The cost of a Business Owner’s Policy (BOP) is influenced by factors such as business type, claims history, income, property value, and coverage limits:

    1. Business Type and Claims History: Industries with higher risks, like those with storefronts and frequent customers, generally pay more for a BOP. However, a clean claims record can qualify you for a lower rate.
    2. Income: Increased earnings may result in higher premiums for business interruption coverage.
    3. Property Value: If your business has expensive equipment and property, you may pay more for the property coverage in a BOP. Insurers often require you to insure your property for 80% to 100% of the replacement cost.
    4. Coverage Limits and Deductible: Higher coverage limits contribute to a higher BOP premium. Additionally, opting for a lower deductible increases your premium, as you pay less out-of-pocket for a claim.

Top Companies for Sole Proprietor Business Insurance

  • The Hartford
  • United States Liability Insurance Group (USLI)
  • Liberty Mutual Insurance Company
  • ACUITY
  • Hiscox
  • Travelers
  • CNA Insurance Companies
  • Contractors Bonding & Insurance Company (RLI)
Can a Sole Proprietor Get Business Insurance?

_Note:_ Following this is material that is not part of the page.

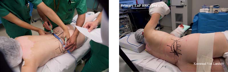 As the LAP flap donor site is prone to seroma formation, careful closure of the donor site is mandatory. To obtain a buttock lift effect, undermining is continued but only inferiorly on top of the buttock musculature. If feasible, the gap in the thoracolumbar fascia is closed with interrupted resorbable sutures. The region around the iliac crest is injected subfascially with a long-acting local anesthetic to reduce postoperative pain. Two drains are left in place, tacking sutures are applied, and the wound edges are carefully approximated, following the preoperative vertical markings. Prior to closure, the wound is rinsed with an antibiotic solution.

Certainly! A sole proprietor can obtain business insurance, including liability coverage for lawsuits and a business owner’s policy for protection against legal action, damages, or loss related to business property.

 

Do Sole Proprietors Need Business Insurance?

States often mandate insurance, especially for businesses with two or more employees.

Minimum liability coverage is typically required for both business and personal use.

Sole proprietors hiring employees may need workers’ compensation insurance, available through the state or private insurers.

In specific states like California, Hawaii, New Jersey, New York, or Rhode Island, disability insurance for employees might also be compulsory.

 

How Much Does Sole Proprietor Insurance Cost?

Sole proprietor insurance costs, on average, $1,384 per year, according to data from Insureon.

The type of sole proprietor insurance matters, however.

General liability only for sole proprietors costs $1,191 per year on average, while a BOP policy costs $717 annually.